**ABOUT THIS EXERCISE**
Omit every picture while repeating the entries exactly.

- Opening Delimiter -

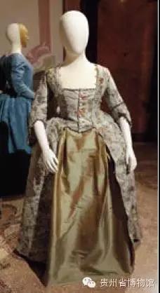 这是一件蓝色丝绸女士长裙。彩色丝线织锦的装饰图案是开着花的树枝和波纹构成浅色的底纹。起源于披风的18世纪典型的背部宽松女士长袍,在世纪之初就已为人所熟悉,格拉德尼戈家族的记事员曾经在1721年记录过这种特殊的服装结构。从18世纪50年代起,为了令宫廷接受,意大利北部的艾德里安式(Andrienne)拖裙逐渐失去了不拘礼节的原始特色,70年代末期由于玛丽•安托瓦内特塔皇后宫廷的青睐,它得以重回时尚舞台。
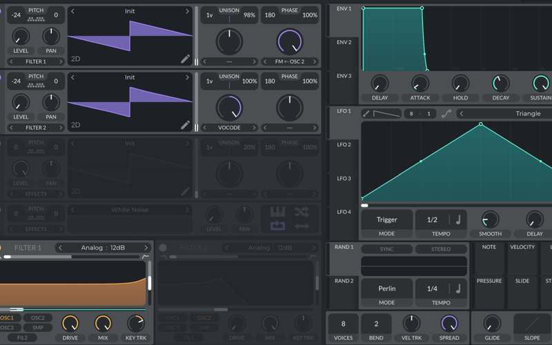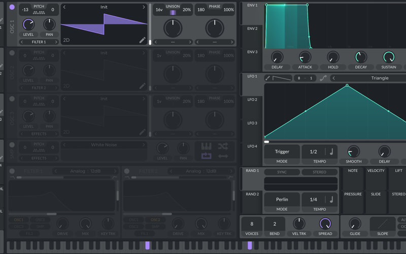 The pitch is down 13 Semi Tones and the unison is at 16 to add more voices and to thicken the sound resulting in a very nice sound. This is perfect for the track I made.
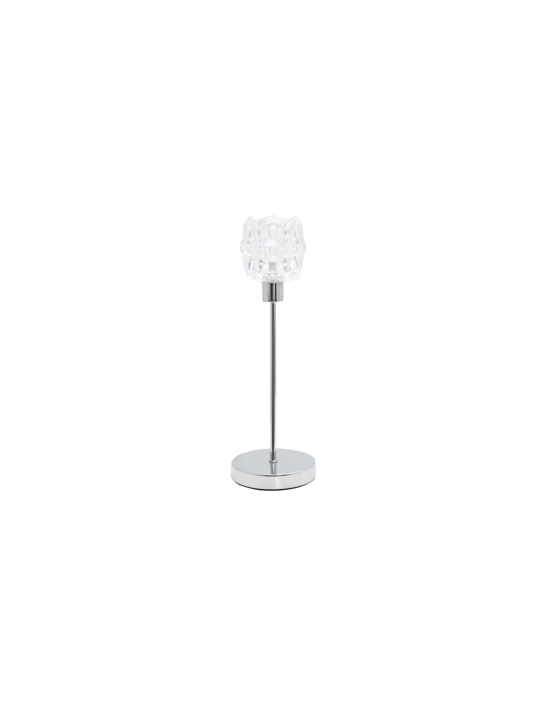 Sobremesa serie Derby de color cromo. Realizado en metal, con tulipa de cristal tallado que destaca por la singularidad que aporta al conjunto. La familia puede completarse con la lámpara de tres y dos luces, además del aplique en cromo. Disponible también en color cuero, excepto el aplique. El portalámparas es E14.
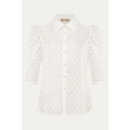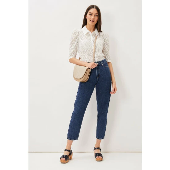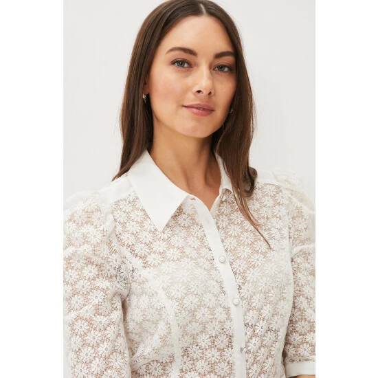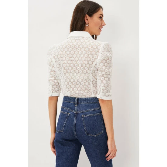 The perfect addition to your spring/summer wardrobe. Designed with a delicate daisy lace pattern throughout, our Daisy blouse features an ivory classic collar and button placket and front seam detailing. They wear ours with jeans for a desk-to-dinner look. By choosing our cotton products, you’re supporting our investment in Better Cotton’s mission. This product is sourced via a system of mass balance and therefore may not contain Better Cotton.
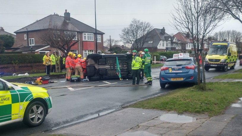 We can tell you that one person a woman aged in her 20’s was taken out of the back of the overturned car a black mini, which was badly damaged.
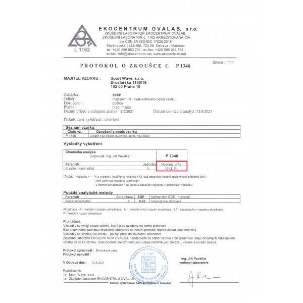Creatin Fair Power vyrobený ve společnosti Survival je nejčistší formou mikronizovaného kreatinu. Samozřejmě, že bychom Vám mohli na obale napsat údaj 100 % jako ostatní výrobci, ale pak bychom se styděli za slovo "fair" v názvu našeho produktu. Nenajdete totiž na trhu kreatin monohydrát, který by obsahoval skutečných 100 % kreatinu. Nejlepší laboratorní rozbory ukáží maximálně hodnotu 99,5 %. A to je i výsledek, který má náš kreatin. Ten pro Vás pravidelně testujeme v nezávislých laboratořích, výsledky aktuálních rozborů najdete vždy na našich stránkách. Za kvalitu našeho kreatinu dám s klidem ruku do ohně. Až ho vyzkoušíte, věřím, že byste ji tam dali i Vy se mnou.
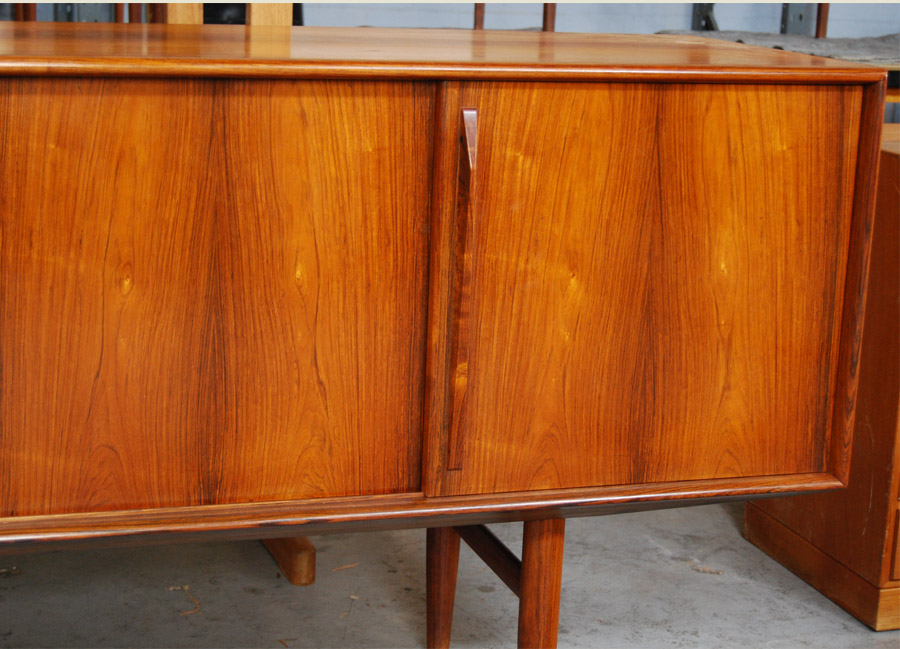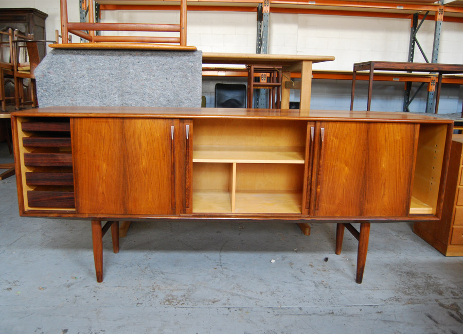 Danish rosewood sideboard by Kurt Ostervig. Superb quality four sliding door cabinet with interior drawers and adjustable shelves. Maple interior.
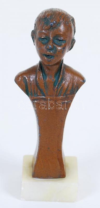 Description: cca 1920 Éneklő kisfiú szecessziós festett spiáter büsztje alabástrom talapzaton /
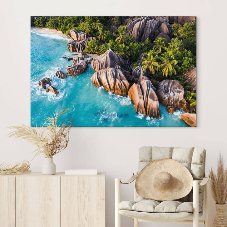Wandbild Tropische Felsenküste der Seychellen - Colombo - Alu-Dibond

- Closing Delimiter -

**SOLUTION**
 这是一件蓝色丝绸女士长裙。彩色丝线织锦的装饰图案是开着花的树枝和波纹构成浅色的底纹。起源于披风的18世纪典型的背部宽松女士长袍,在世纪之初就已为人所熟悉,格拉德尼戈家族的记事员曾经在1721年记录过这种特殊的服装结构。从18世纪50年代起,为了令宫廷接受,意大利北部的艾德里安式(Andrienne)拖裙逐渐失去了不拘礼节的原始特色,70年代末期由于玛丽•安托瓦内特塔皇后宫廷的青睐,它得以重回时尚舞台。
 The pitch is down 13 Semi Tones and the unison is at 16 to add more voices and to thicken the sound resulting in a very nice sound. This is perfect for the track I made.
 Sobremesa serie Derby de color cromo. Realizado en metal, con tulipa de cristal tallado que destaca por la singularidad que aporta al conjunto. La familia puede completarse con la lámpara de tres y dos luces, además del aplique en cromo. Disponible también en color cuero, excepto el aplique. El portalámparas es E14.
 The perfect addition to your spring/summer wardrobe. Designed with a delicate daisy lace pattern throughout, our Daisy blouse features an ivory classic collar and button placket and front seam detailing. They wear ours with jeans for a desk-to-dinner look. By choosing our cotton products, you’re supporting our investment in Better Cotton’s mission. This product is sourced via a system of mass balance and therefore may not contain Better Cotton.
 We can tell you that one person a woman aged in her 20’s was taken out of the back of the overturned car a black mini, which was badly damaged.
Creatin Fair Power vyrobený ve společnosti Survival je nejčistší formou mikronizovaného kreatinu. Samozřejmě, že bychom Vám mohli na obale napsat údaj 100 % jako ostatní výrobci, ale pak bychom se styděli za slovo "fair" v názvu našeho produktu. Nenajdete totiž na trhu kreatin monohydrát, který by obsahoval skutečných 100 % kreatinu. Nejlepší laboratorní rozbory ukáží maximálně hodnotu 99,5 %. A to je i výsledek, který má náš kreatin. Ten pro Vás pravidelně testujeme v nezávislých laboratořích, výsledky aktuálních rozborů najdete vždy na našich stránkách. Za kvalitu našeho kreatinu dám s klidem ruku do ohně. Až ho vyzkoušíte, věřím, že byste ji tam dali i Vy se mnou.
 Danish rosewood sideboard by Kurt Ostervig. Superb quality four sliding door cabinet with interior drawers and adjustable shelves. Maple interior.
 Description: cca 1920 Éneklő kisfiú szecessziós festett spiáter büsztje alabástrom talapzaton /
Wandbild Tropische Felsenküste der Seychellen - Colombo - Alu-Dibond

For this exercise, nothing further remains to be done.